Pembantaian genosida
Temuan paling signifikan dari Tahap 4 adalah identifikasi 19 pembantaian genosida terhadap masyarakat Aborigin yang tercatat. Sebagian besar pembantaian itu terjadi setelah tahun 1860.
Profesor Ryan mengatakan pembantaian genosida adalah serangkaian pembantaian yang dilakukan selama beberapa minggu atau bulan oleh kelompok pelaku yang sama sebagai pembalasan atas pembunuhan orang Aborigin terhadap penjajah atau para penjajah. Tujuannya adalah untuk membunuh setiap orang Aborigin di suatu wilayah.
Tim peneliti, yang memiliki para ahli yang bekerja di lapangan di sejumlah Negara Bagian dan Teritori, mengidentifikasi tiga pembantaian yang dilakukan sebagai pembalasan atas dugaan pembunuhan Aborigin terhadap penggembala 'Big Johnny' Durack pada tahun 1886. Pembantaian tersebut terjadi selama beberapa minggu dan melintasi batas perbatasan Australia Barat dengan Northern Territory.

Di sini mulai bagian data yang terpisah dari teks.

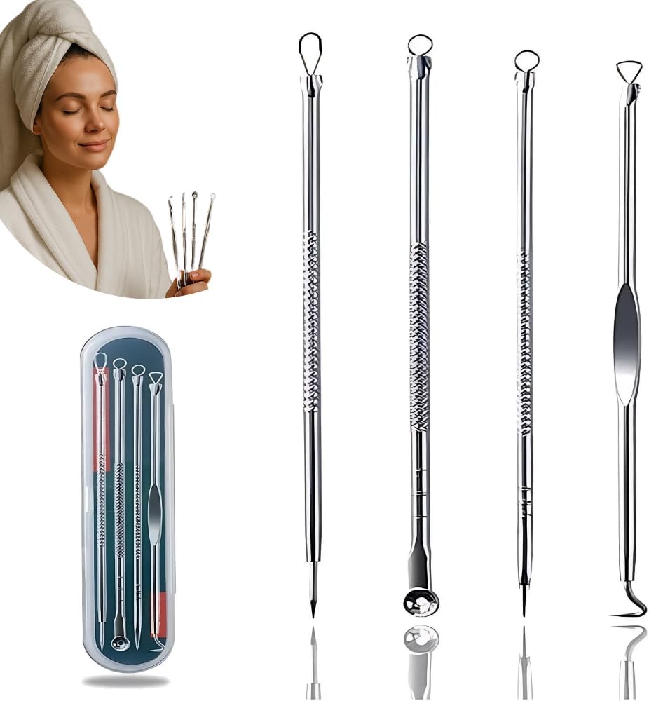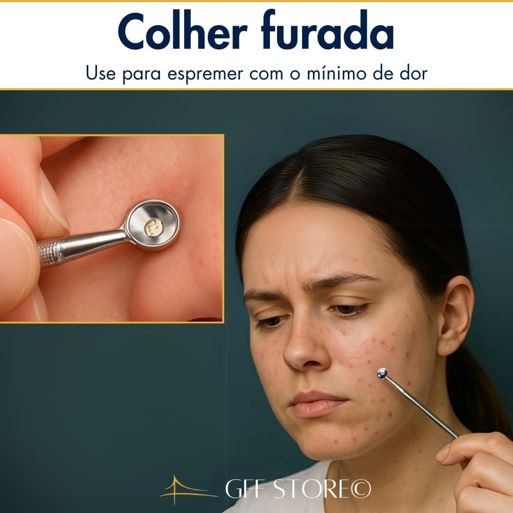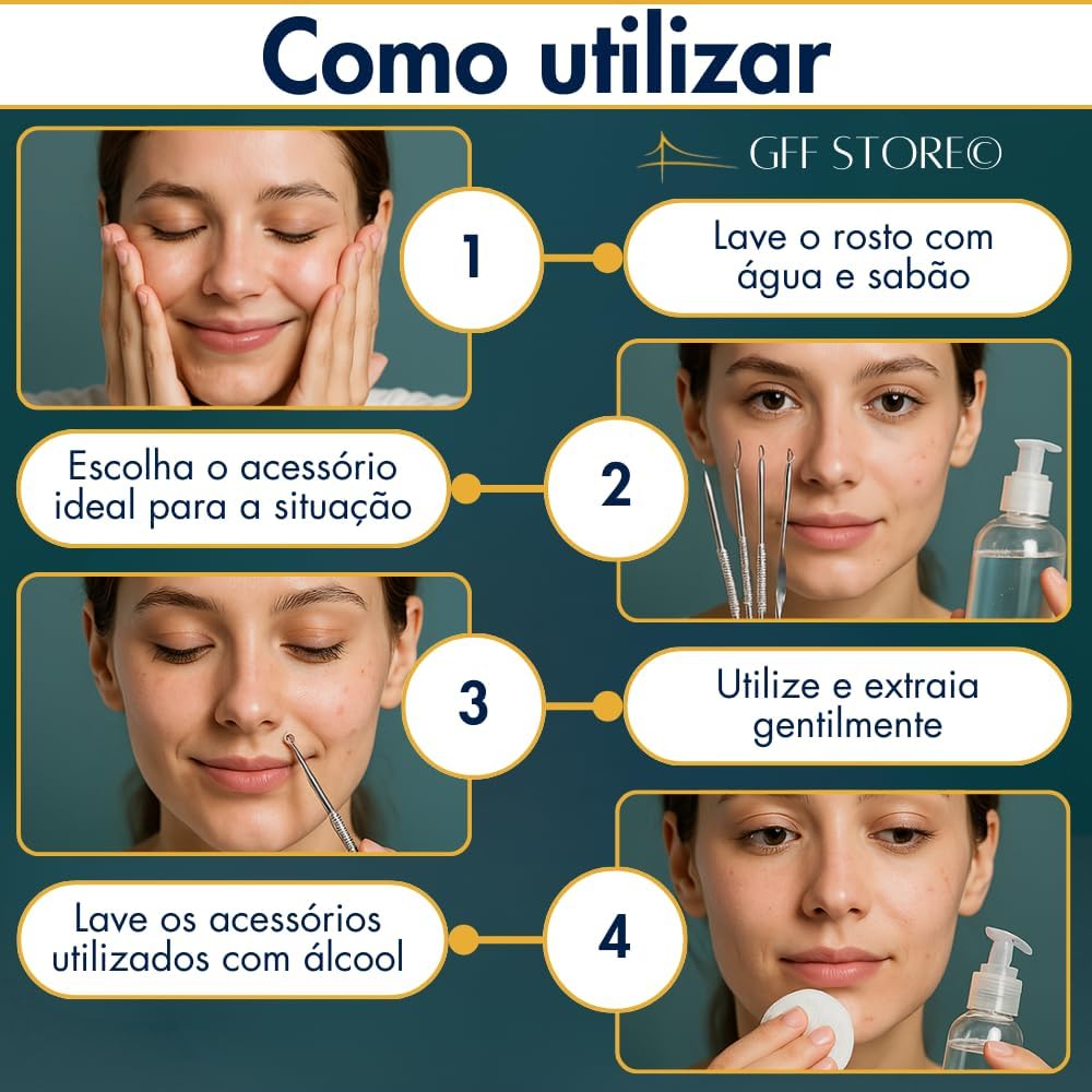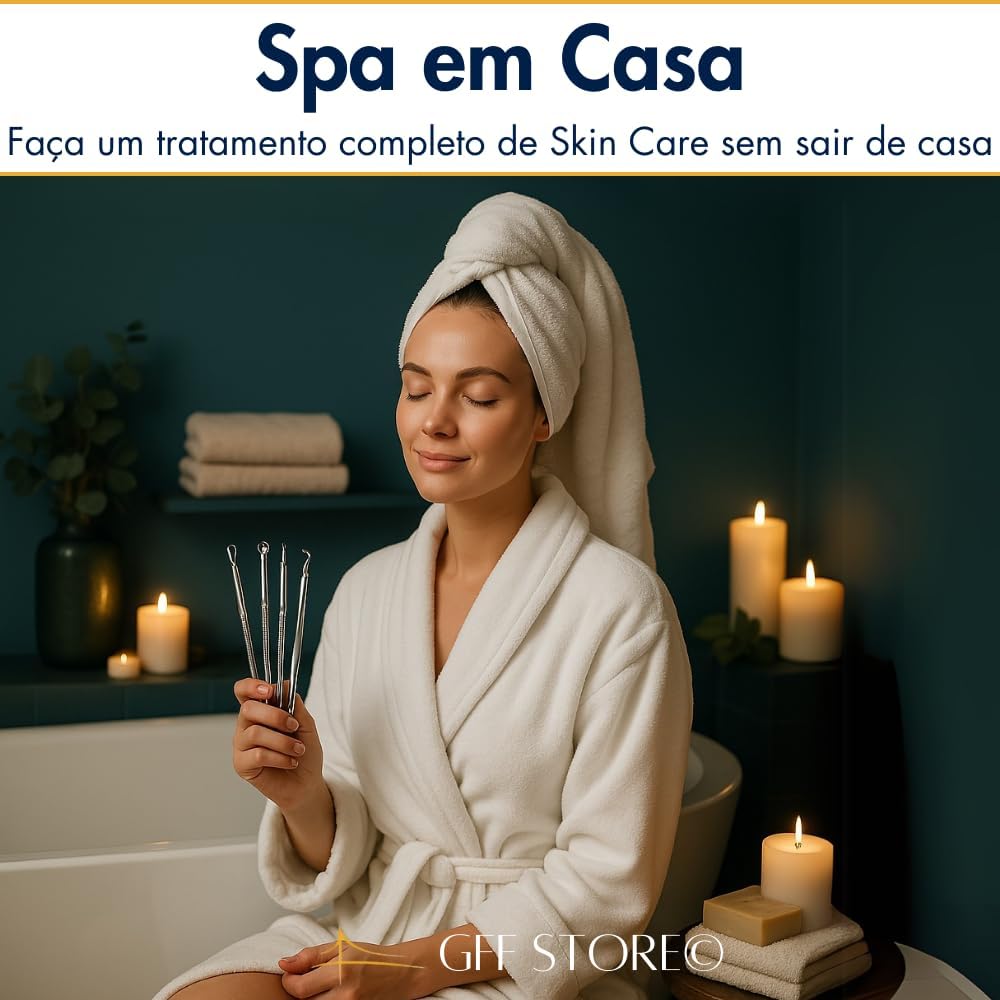 Remoção Precisa de Cravos e Espinhas: Kit profissional com 4 ferramentas de uso dermatológico, ideal para limpar profundamente sem agredir a pele. Remove cravos pretos, brancos e espinhas de forma segura e eficaz.

Lebih dari 220 orang Aborigin terbunuh dalam peristiwa. Angka ini menjadikannya peristiwa pembantaian terbesar dalam sejarah Australia Barat.
Beberapa pembantaian genosida terjadi di ujung barat Queensland. Lima pembantaian Selwyn Ranges pada bulan Februari 1879 dilakukan oleh seorang hakim polisi, satu detasemen polisi pribumi dan sekelompok peternak sebagai pembalasan atas pembunuhan pemukim Bernard Molvo dan tiga peternak di Wonomo Waterhole. Lebih dari 100 pria, wanita, dan anak-anak Aborigin terbunuh.
Pembantaian genosida terbaru terjadi di Northern Territory pada tahun 1928, ketika beberapa ratus warga Warlpiri, Anmatyere, dan Kaytetye dibunuh sebagai pembalasan atas pembunuhan seorang penjebak dingo.
Detail data lain yang didapat, sekitar setengah dari pembantaian di perbatasan pada tahap ini dilakukan oleh pejabat kolonial. Misalnya polisi dan tentara, baik sendiri atau bersama dengan pemukim dan/atau pegawai mereka.
Proyek penelitian ini menemukan bahwa pembantaian terjadi secara luas, terjadi di sepanjang perbatasan Australia, dan direncanakan dengan sangat hati-hati.
“Itu bukan suatu kecelakaan. Hal ini dirancang untuk menyingkirkan masyarakat Aborigin, apakah itu untuk ‘memberi mereka pelajaran’, atau untuk membuat mereka begitu takut sehingga mereka lebih mudah untuk dipekerjakan,” katanya.
“Namun yang jelas, menurut saya tujuan keseluruhannya adalah untuk mengurangi populasi masyarakat Aborigin di Australia dan menjauhkan mereka dari infrastruktur seperti jalur telegraf dan fitur alam seperti lubang air besar, sehingga ternak dan domba dapat mengaksesnya.”
Profesor Ryan mengatakan kekerasan yang terjadi telah menciptakan trauma abadi bagi masyarakat Aborigin dan Penduduk Pribumi Selat Torres. Dia mengatakan proyek penelitian ini sangat penting untuk membantu seluruh warga Australia mengubah pemahaman mereka tentang masa lalu.
“Jelas generasi saya terlindungi dari informasi semacam ini. Ketika saya berbicara dengan orang-orang dari generasi saya tentang peristiwa ini, mereka melihat saya dengan takjub, kaget, dan ngeri. Beberapa orang tidak ingin tahu lebih banyak, tapi banyak juga yang ingin tahu.
“Saya pikir kita perlu tahu apa yang terjadi. Kita perlu tahu lebih banyak.”
Diharapkan dengan mengungkap kebenaran, penelitian ini dapat membantu jalan menuju rekonsiliasi.